Acabo de regressar da Índia. Ainda estou a integrar toda a aprendizagem. Foi a primeira vez neste país e uma boa parte da viagem fi-la sozinha!

Posso dizer dizer que é um choque quando lá chegamos mas também é um choque quando voltamos. Apesar de a viagem ter tido um objetivo específico para praticar Yoga, toda uma aprendizagem de vida de vida vem até nós. Nem sempre a que queremos, mas aquela que precisamos.

Neste país tão pobre e tão rico, de costumes e tratos tão diferentes dos nossos, posso dizer que primeiro fiquei impressionada com uma certa rudeza, mas depois, abrindo o coração para este novo mundo, tudo começa a mudar e a aprendizagem começa.

A sensação estranha ao voltar é ver todo o conforto e regras que nos rodeiam aqui no ocidente e mesmo assim um sentimento de tristeza e “incompletude” tão generalizado.

Estaremos a procurar no sítio certo?

Estaremos a priorizar o que realmente importa?
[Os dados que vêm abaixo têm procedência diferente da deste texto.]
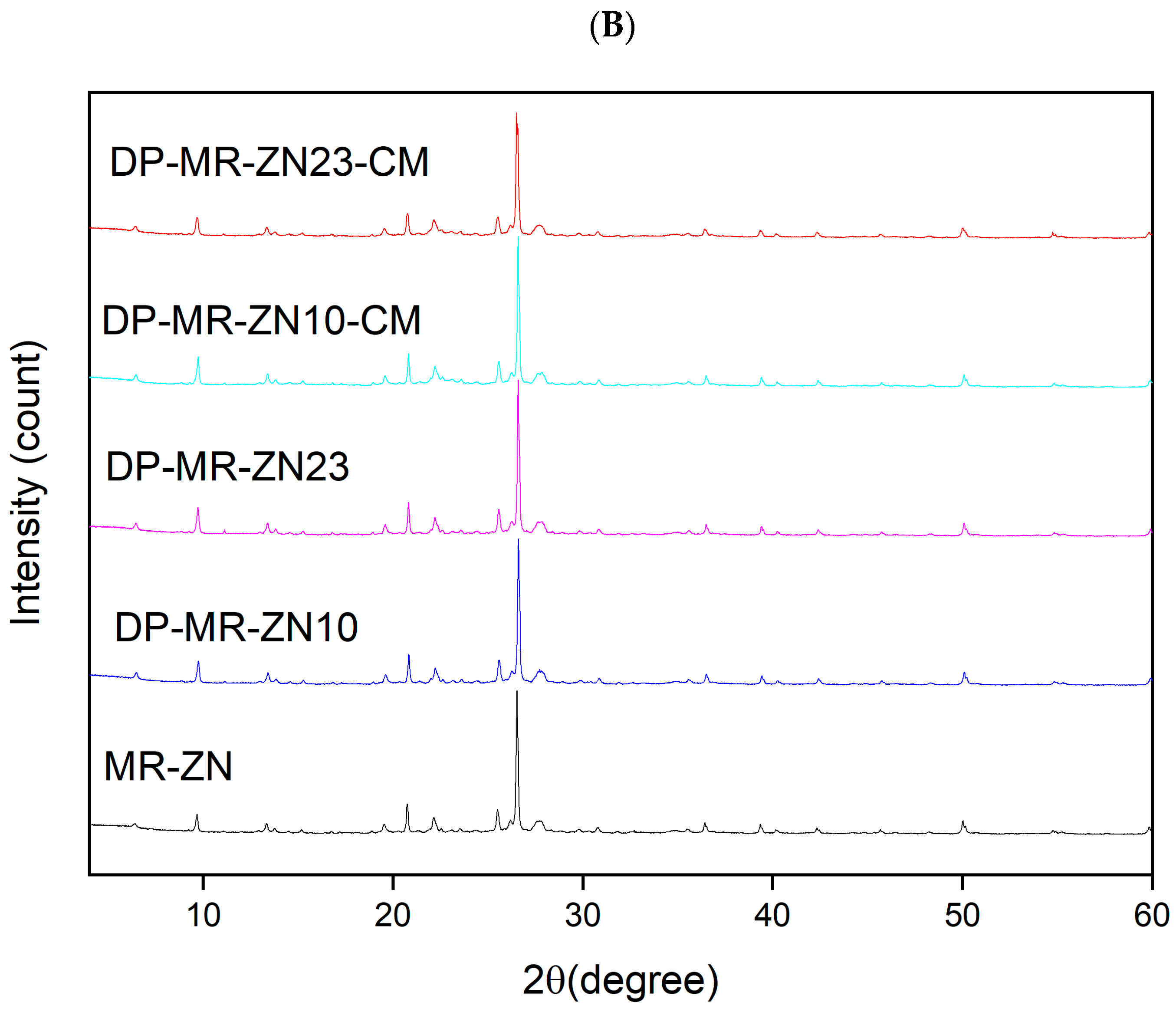 3.7. Physicochemical Characterization of Zeolitic Materials

A flexibilidade para saber fluir com a vida, para ter a abertura para ver sempre os planos que fazemos sempre a serem alterados é algo de facto que esta viagem nos ensina.

Por muito boas intenções que tenhamos, a Índia tem sempre a capacidade de nos trocar as voltas e, apesar disso, ESTÁ TUDO BEM.
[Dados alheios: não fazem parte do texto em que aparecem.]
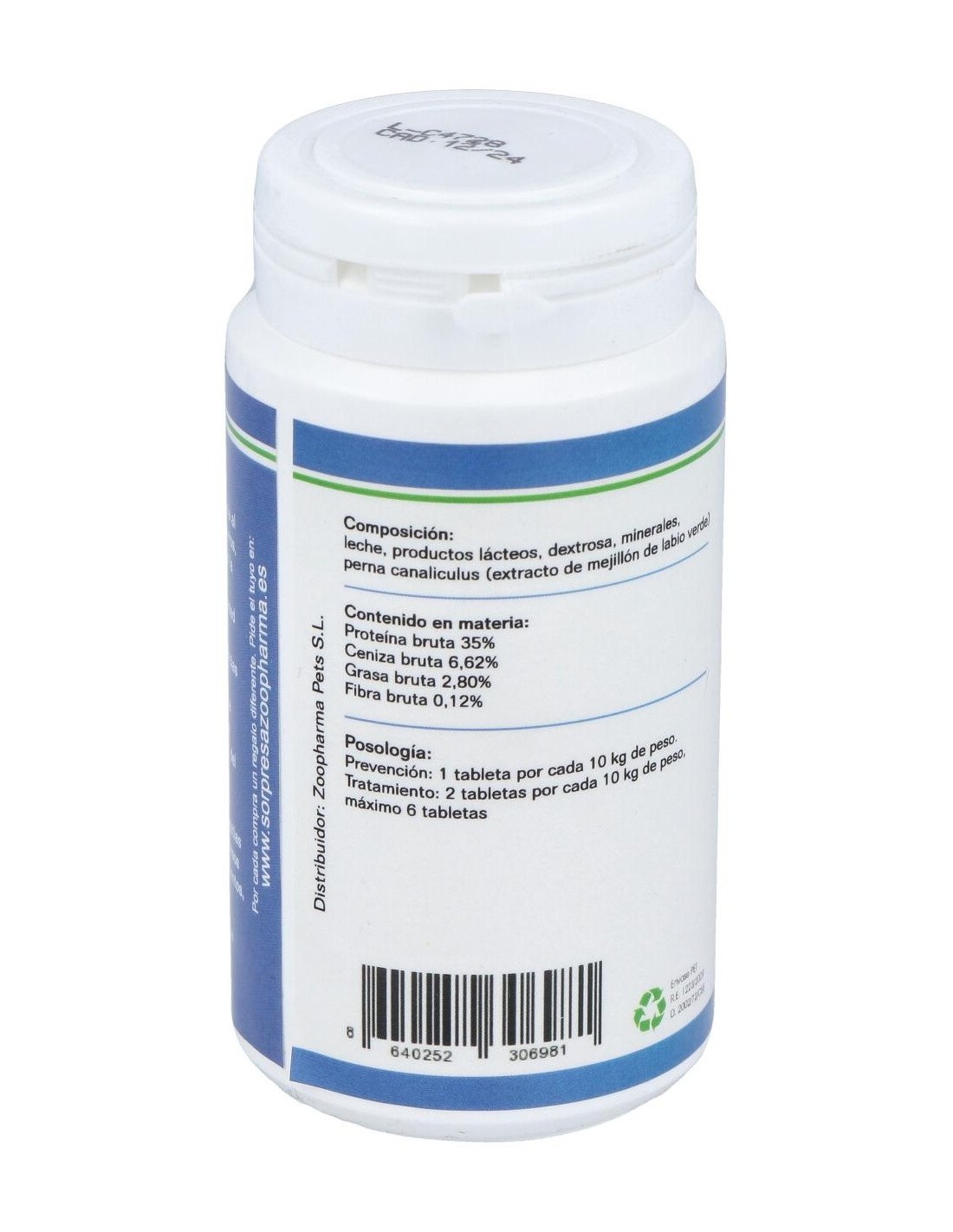 Perna Canaliculus ( Mejillón del labio verde), gelatina, algas marinas, levadura de cerveza, metionina, vitamina E y Selenio. Rico en aminoácidos, glicosaminoglicanos, minerales y vitaminas y ácidos grasos esenciales como el Omega-3 EPA y DHA.

De maneira mais ou menos fácil, mais ou menos rápida, tudo se acaba por resolver. Aqui gostamos muito de andar a correr. Mas atrás de quê mesmo? Será que o vamos saber quando chegarmos ao fim das nossas vidas?

Na Índia as vacas andam de forma sábia e vagarosa pelas ruas, as pessoas têm os seus rituais espirituais como prioridade. Os seus problemas não se prendem com uma casa de banho que está suja, com a eletricidade que foi abaixo ou com a rua estar com buracos.

Não chegar a tempo para algo porque o comboio foi cancelado em cima da hora é normal. Não quero dizer que isso é bom, mas nem sempre é o que realmente importa e se olharmos para trás nas nossas vidas vemos o quanto isso é verdade. Quando as coisas não acontecem como tínhamos planeado, um novo mundo de possibilidades se abre. E muitas vezes mais interessante!

E essa é a capacidade de conseguirmos viver no momento presente, atingirmos o futuro através do que criamos no presente e não querermos saltar para o futuro, sem ter vivido o presente. Porque isso simplesmente não existe, quer queiramos quer não. Normalmente as coisas são simples por si mesmas, é a nossa interpretação das mesmas que lhes dá complexidade.

Aprendamos a simplificar mais e a controlar menos.

Saber receber, deixar partir e CONFIAR.

Mother Índia, obrigada pela lição.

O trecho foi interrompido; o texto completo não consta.